I'm currently building a quiz app and I need to design a database schema for it.
This is what I've tried so far: ERD Diagram
The biggest problem I have is with how to represent which questions have been already answered correctly by each user and which haven't.
In the current design the answered_questions table would grow very fast (assuming a pool of 2000 questions and 1million users it would be 2 billion entries, which doesn't seem to be a scalable approach). I thought of partitioning the answered_questions table by user_id but I don't if that's the most optimal solution.
Please note that I need to keep the information about which question is already answered because for each request i will have to retrieve the following information:
- 5 questions that have been correctly answered
- 5 questions that have not been correctly answered
filtered by the category, subcategory and user_id.
How could I redesign it to avoid having to query the answered_questions table which can become very large over time?
Any help is very much appreciated.
2 Answers 2
I think that you should modify your design so that answered_questions
only contains rows for questions that were answered. In other words, do away with the boolean answered
column and don't store the rows where it would be FALSE
.
I doubt that all 2000 users will answer one million questions, so that should reduce the size of the table considerably.
Regarding table questions
: Having correct_answers
as TEXT isn't practical.
- If it's a multiple choice test...
Then each question has several pre-defined answers that the user can pick. Are you going to put an array of answers into that TEXT column? It would be more practical to have an answers
table like so:
answer_id PK
question_id FK into questions
answer_is_correct BOOL
answer_score INT if you want to assign scores to answers
answer_order INT
If you want to order answers in the display and especially change the order, then you should never do that by changing the primary key because that will break references, so an extra column with an order number can be useful. Without that they will come out of the select in undefined order, which isn't necessarily a problem in this case.
Table answered_questions
should contain at least:
user_id FK into users
answer_id FK into answers
However that makes it difficult to enforce constraints like "one row per user and per question", so we need to add question_id:
user_id FK into users
question_id INT NOT NULL
answer_id INT NOT NULL
(question_id,answer_id) REFERENCES answers(question_id,answer_id)

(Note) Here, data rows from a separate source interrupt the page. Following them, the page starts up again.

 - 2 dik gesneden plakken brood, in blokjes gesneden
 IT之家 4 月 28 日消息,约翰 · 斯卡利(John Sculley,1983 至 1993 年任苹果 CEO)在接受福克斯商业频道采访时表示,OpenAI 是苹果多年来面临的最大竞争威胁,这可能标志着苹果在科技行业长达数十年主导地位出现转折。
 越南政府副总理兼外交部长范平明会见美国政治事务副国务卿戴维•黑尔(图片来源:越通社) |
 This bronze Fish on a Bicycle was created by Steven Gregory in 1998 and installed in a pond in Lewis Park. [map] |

PRIMARY KEY (user_id,question_id,answer_id)
The foreign key enforces integrity and the PK ensures the table can have at most one answer per question for each user. It also provides a useful index.
If the user has not answered this question, then the absence of the row with (user_id,question_id) is enough information. There is no need to add a bool to record whether the question was answered or not, and clog the table with lots of rows that serve no purpose. As a general rule, rows with a bool column that really says "this row shouldn't be there"... shouldn't be there.

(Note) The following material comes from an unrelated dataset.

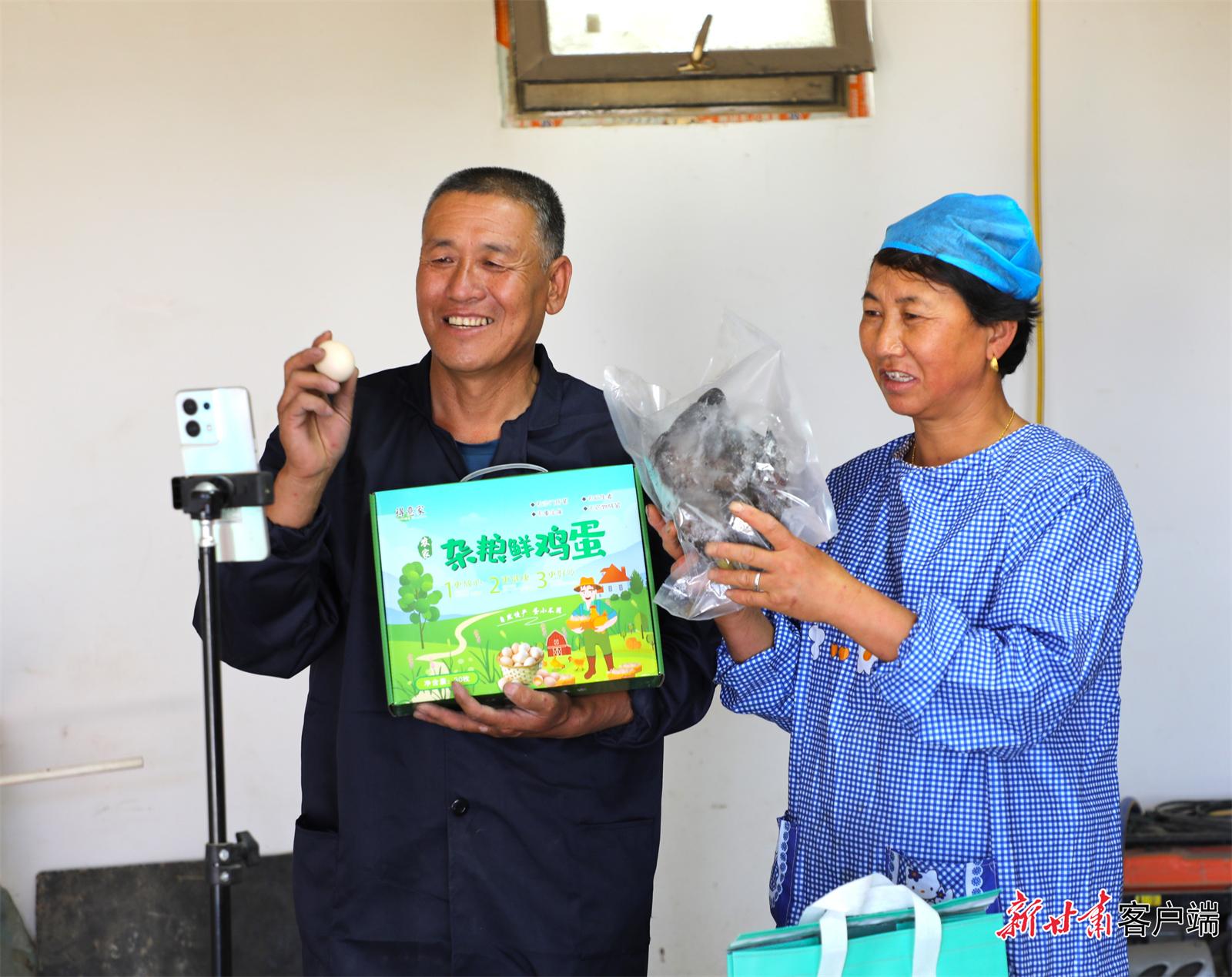 梁玉榮夫婦利用網(wǎng)絡售賣自己養(yǎng)殖的雞。

The biggest problem I have is with how to represent which questions have been already answered correctly by each user and which haven't.
You can replicate the answer_is_correct column from the answers table into the answered_questions table, but that comes with a gotcha: since it's not part of the PK in answers, you can't really put a FK on it, so if you want to update it in table answers, it won't be replicated to table answers_questions. If that's okay with you then the advantage of duplicating the column is you can put an index on it (user_id,question_id,answer_is_correct) to speed up selects.
Personally I'd use another solution, and not duplicate the columns. In order to get the information you want you can use a select like so:
SELECT
q.*,
a.answer_id,
a.is_correct
FROM questions q
LEFT JOIN answered_questions aq ON (aq.question_id=q.question_id AND aq.user_id=...)
LEFT JOIN answers a ON (a.answer_id = aq.answer_id)
You could add other conditions like question category in WHERE clause. For each (user_id,question_id) table answered_questions either contains one row or no rows, so if the question was not answered, due to LEFT JOIN, a.answer_id will be NULL. In fact you could only look at a.is_correct in the result set: NULL if the question was not answered, true/false if it was answered correctly/incorrectly.
This scans all questions, there's no other choice really. Thankfully answered_questions has a multicolumn index on (user_id,question_id,answer_id) so postgres will use a fast index only scan. The index is clustered in the proper way, order of columns is important here, we want rows with the same (user_id,question_id) to be on adjacent pages for speed. Especially putting user_id first is important as this lets pages for users who are not online at the moment fall out of cache without causing trouble.
In any case this is not the type of query you do on each page: if it's a website, you do it once per user at login, get the final results you want, then cache that in the session, and only update when needed or maybe at most every minute.
answered_questions
table byuser_id
" - Size of data at rest (total size of the table) is irrelevant to scalability. A 2 billion rows table is just as queryable as a 200 row table, depending on how much data you're actually asking for out of the table. Partitioning isn't meant for improving DQL query performance, that's a common fallacy. Proper indexing will "partition" your data in a much more efficient manner.